Record set
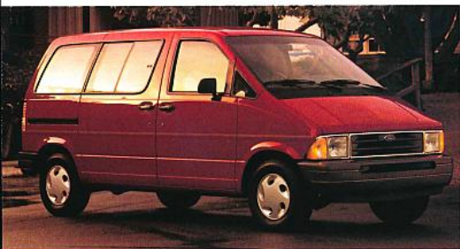
Above: Aerostar XL in Ruby Red Clearcoat Metallic.
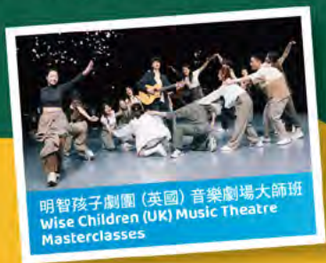
明智孩子劇團 (英國) 音樂劇場大師班 Wise Children (UK) Music Theatre Masterclasses
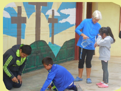
Giving living water.
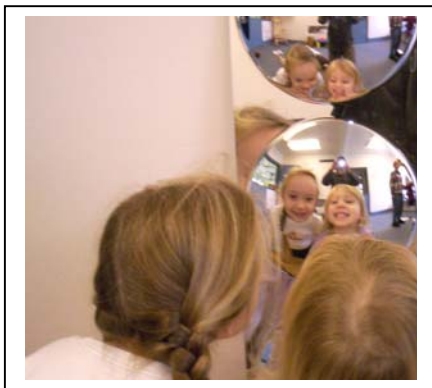
Young admirers of their freshly painted teeth.
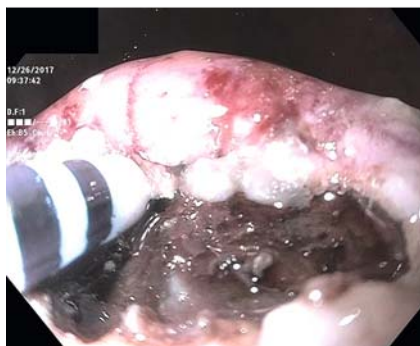
► Fig. 1 Accessing the submucosal space for endoscopic full-thickness resection.
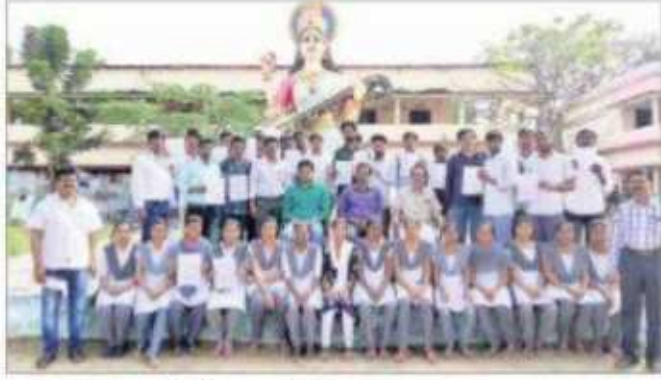
ఎంపికైన వారితో అధ్యాపకులు

సాలూరు: జవహర్ నాలెడ్జ్ సెంటర్ (జేకేసీ) ఆధ్వర్యంలో పట్టణంలోని ప్రభుత్వ డిగ్రీ కళాశాలలో బుధ వారం నిర్వహించిన జాబ్ మేళా విజయవంతమయింది. హెటీరో డ్రగ్స్ ప్రైవేటు లిమిటెడ్, ఆర్ఎస్ఎంఐపీ ఎల్ మొబైల్ అసెంబ్లీంగ్ ఆపరేటర్, ఇండిగో ఎయిర్లైన్స్, ఇన్నోవ్ సోర్స్ కంపెనీల్లో ఉద్యోగాలకు నిర్వహించిన ఇంటర్వ్యూలకు కళాశాల విద్యార్థులతో పాటు ఇతరులు 136 మంది హాజరయ్యారు. వీరిలో 26 మందిని ఎంపిక చేసినట్లు నిర్వాహకులు తెలిపారు. కళాశాల ప్రిన్సిపాల్
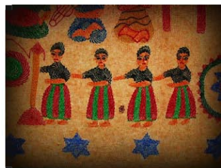
Examples from the Internet

The next Crafty Crafters meeting will be 8th March when we will continue with the kantha embroidery.

Prompt
The expected output is every line from the line where "ఎంపికైన వారితో అధ్యాపకులు" appears to the final line of the material, unchanged and with no pictures.

Exercise result
ఎంపికైన వారితో అధ్యాపకులు

సాలూరు: జవహర్ నాలెడ్జ్ సెంటర్ (జేకేసీ) ఆధ్వర్యంలో పట్టణంలోని ప్రభుత్వ డిగ్రీ కళాశాలలో బుధ వారం నిర్వహించిన జాబ్ మేళా విజయవంతమయింది. హెటీరో డ్రగ్స్ ప్రైవేటు లిమిటెడ్, ఆర్ఎస్ఎంఐపీ ఎల్ మొబైల్ అసెంబ్లీంగ్ ఆపరేటర్, ఇండిగో ఎయిర్లైన్స్, ఇన్నోవ్ సోర్స్ కంపెనీల్లో ఉద్యోగాలకు నిర్వహించిన ఇంటర్వ్యూలకు కళాశాల విద్యార్థులతో పాటు ఇతరులు 136 మంది హాజరయ్యారు. వీరిలో 26 మందిని ఎంపిక చేసినట్లు నిర్వాహకులు తెలిపారు. కళాశాల ప్రిన్సిపాల్
Examples from the Internet

The next Crafty Crafters meeting will be 8th March when we will continue with the kantha embroidery.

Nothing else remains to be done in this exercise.